The two National Football League wild-card winners are a little better this year. The division champions will have the home-field advantage in the next round, as usual, but the challengers demonstrated Sunday that they have the skilled athletes to play on even terms with most clubs.

And that's what is different about the playoffs this winter. Neither wild card is a pushover.

After Minnesota surprised New Orleans, 44-10, in Sunday's early game, Coach Jerry Burns explained how his Vikings so easily ended the Saints' nine-game winning streak: "There's more talent in this room than most people realize."

He could have been speaking about those who wondered about Houston, too, before quarterback Warren Moon led the Oilers with the sharply thrown passes that ended the Seattle Seahawks' season in overtime, 23-20, at the Astrodome.

The Oilers have put together a kind of all-star club this year with Mike Rozier and Alonzo Highsmith in the backfield and a bunch of first draft choices in the offensive line plus underrated defensive backs Steve Brown, Patrick Allen and Keith Bostic--not to mention three tough little wide receivers.

Minnesota has concentrated elsewhere, developing a kind of all-pro front four.

The Vikings and Oilers haven't always played this well this season, of course, but the point is that they're capable of games like this, particularly in the playoffs. They have the players. You can be sure that the champions are worrying.

At the Superdome, the Saints were never the same after Anthony Carter's 84-yard punt return put the Vikings ahead late in the first quarter, 10-7.

It may not be true that he and halfback Darrin Nelson are most of Minnesota's offense, but they're a lot of it.

And the strange thing is the aggressiveness they bring to the football field for athletes of their size.

At 5-foot-11 and 174 pounds, Carter is one of the NFL's smallest players. And at 5-9 and 185, Nelson is about as small as running backs get. But whereas most little guys play soft, Carter and Nelson play hard.

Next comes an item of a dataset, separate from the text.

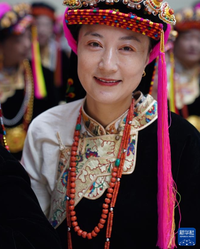 四川省甘孜蔵族自治州丹巴県の県城(県庁所在地)で、地元のイベントに参加する嘉絨蔵族刺繍の伝統衣装を身に着けた女性(10月11日撮影・呂明響)。

When carrying the ball, they attacked the New Orleans defense before it could attack them.

The Vikings' defensive line played exactly the same way. From his station at defensive right tackle, Keith Millard came off the ball as swiftly as the Saints' offensive linemen--who knew the count.

And coming right behind Millard on most plays were Minnesota's defensive ends, Chris Doleman and Doug Martin, who, like Millard, arrived in Minnesota as No. 1 draft choices.

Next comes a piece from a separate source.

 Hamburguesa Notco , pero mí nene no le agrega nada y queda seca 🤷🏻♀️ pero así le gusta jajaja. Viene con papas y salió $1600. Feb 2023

Carter, Nelson, their defensive linemen and several other Vikings are known in today's football as impact players. They are also called big-play players--and the difference between the teams was that New Orleans doesn't have any big-play or impact people.

The best two Saints are halfbacks Rueben Mayes and Dalton Hilliard, who can be contained by defenses as strong as Minnesota's.

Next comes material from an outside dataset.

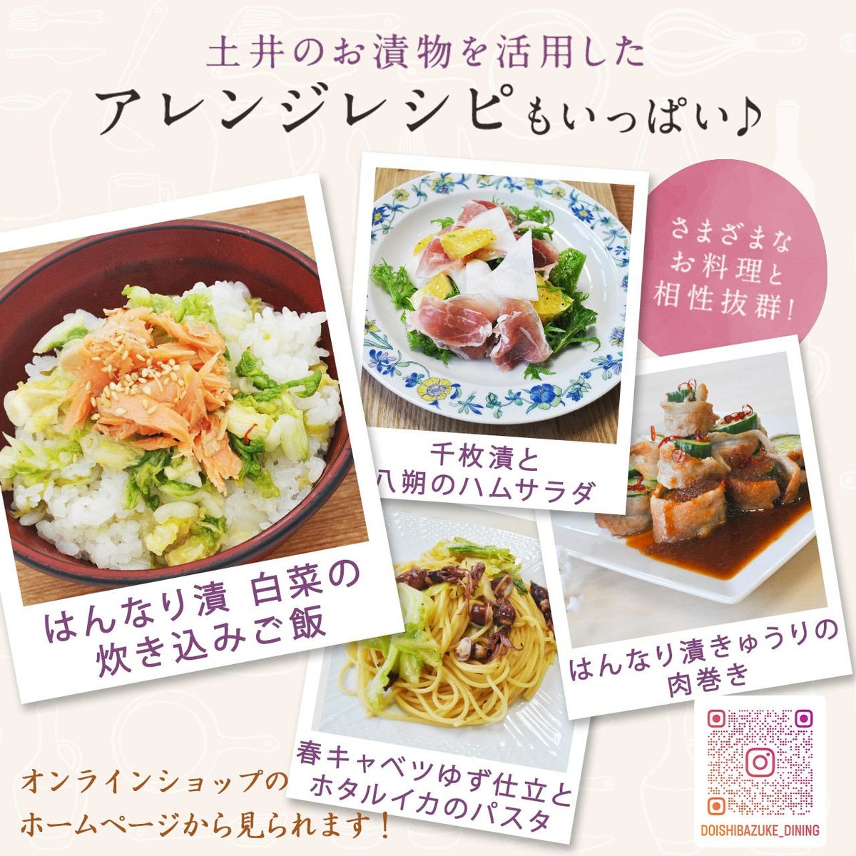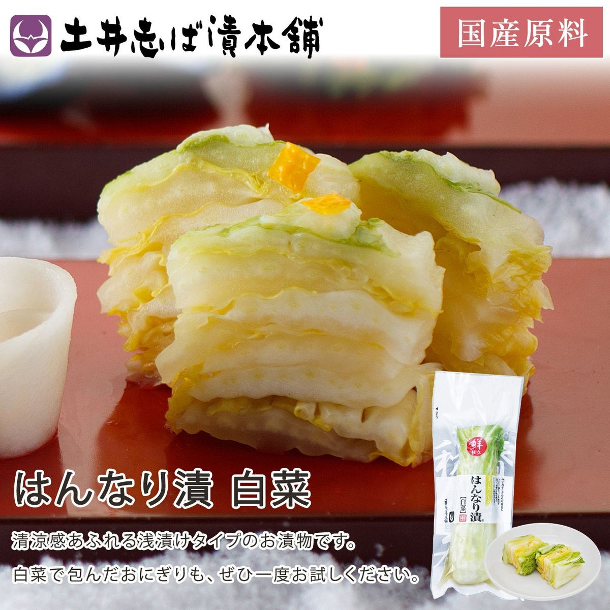 清涼感あふれる浅漬けタイプのお漬物です。白菜で包んだおにぎりも、ぜひ一度お試しください。じわっとした旨みがごはんを包み込みます。おいしいですよ!

It's true that big-play players don't always make big plays, but when they do, as Minnesota's did Sunday in New Orleans, it's usually all over for the other side.

If the Vikings are as good as they seemed, why did they back into the 1987-88 playoffs as a wild card team?

"Our quarterbacking has been shaky this season," Burns said. "Our kicking game has been shaky. And we went 0-3 during the strike."

That's most of it. And it's a tossup whether an erratic quarterback, erratic special-team play or the strike hurt the Vikings the most. No other playoff team lost every replacement game.

In New Orleans, the Vikings got a big enough game from quarterback Wade Wilson. And this time their kicker, Chuck Nelson, kicked the ball straight and high.

The Vikings have so many impact players that that's all it took.

In the second quarter, for example, when they led by only three points, Nelson carried Wilson's one-yard pass 37 yards to the New Orleans one--exhibiting speed and moves along the sideline followed by tackle-breaking power after he cut in.

That made it 17-7 and, coming on top of Carter's big run, it took the confidence out of the Saints. They were ready for Minnesota this time--they scored first. There were just too many big-play Vikings.

The result of the Saints' first playoff game should have solidified the place of their new leader, Jim Mora, as coach of the year.

It is plain now that when the Saints went 12-3 this season, Mora was doing it with mirrors.

He doesn't have 12-2 talent.

Before the game, he and Burns agreed that it was the Saints' special teams that got them this far--which doubtless means two things. First, their offense and defense haven't done that much. Second, special-team excellence is the hallmark of good coaching.

In their first wild-card game, two cheap plays did the Saints in--Carter's punt return that not even Minnesota expected and the alley-oop touchdown just before halftime, when Minnesota led, 31-10.

Take those two away and it's a game. The Saints can come back from 17-10. The Vikings, for one thing, might have fumbled, and that would have brought in the crowd.

The Saints couldn't come back from 31-10--not against Millard and Doleman.